Interleukin 4 (IL-4) is a pleiotropic cytokine produced primarily by activated T lymphocytes, mast cells and basophils (1-3).

The cDNA sequence of rat IL-4 predicts a 147 amino acid (aa) residue precursor protein containing a 24 aa residue signal peptide that is cleaved to generate the 123 aa residue mature protein containing four potential N-linked glycosylation sites and seven cysteine residues (4-6). Mature rat IL-4 shares 60% and 44% amino acid sequence similarity with mouse and human IL-4, respectively (5,6).
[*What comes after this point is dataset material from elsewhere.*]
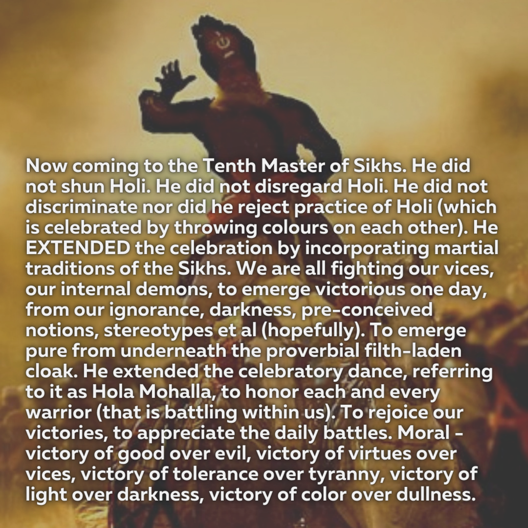 Now coming to the Tenth Master of Sikhs. He did not shun Holi. He did not disregard Holi. He did not discriminate nor did he reject the practice of Holi (which is celebrated by throwing colors on each other). He EXTENDED the celebration by incorporating the martial traditions of the Sikhs. We are all fighting our vices, our internal demons, to emerge victorious one day, from our ignorance, darkness, pre-conceived notions, stereotypes et al (hopefully). To emerge purely from underneath the proverbial filth-laden cloak. He extended the celebratory dance, referring to it as Hola Mohalla, to honor each and every warrior (that is battling within us). To rejoice in our victories, to appreciate the daily battles. Moral – the victory of good over evil, the victory of virtues over vices, the victory of tolerance over tyranny, the victory of light over darkness, the victory of color over dullness.

IL-4 has multiple immune response-modulating activities on a variety of cell types. It is an important regulator of isotype switching, inducing IgE production in B lymphocytes. It is an important modulator of the differentiation of precursor T helper cells to the Th2 subset that mediates humoral immunity and modulates antibody production. In addition, IL-4 has also been shown to have anti-tumor activity both in vivo and in vitro (1-3).

The biological effects of IL-4 are mediated by specific cell surface receptor complexes. Although IL-4 R does not bind IL-13 directly, it has been shown to complex with the low-affinity IL-13 R to form the functional high-affinity receptor complex for IL-13 (7, 8). In addition to the membrane-bound form of IL-4 R, a naturally occurring soluble form of IL-4 R has been identified in human and mouse biological fluids and in mouse cell culture supernates (9-11). Soluble IL-4 R has been to shown to bind IL-4 with high affinity in solution.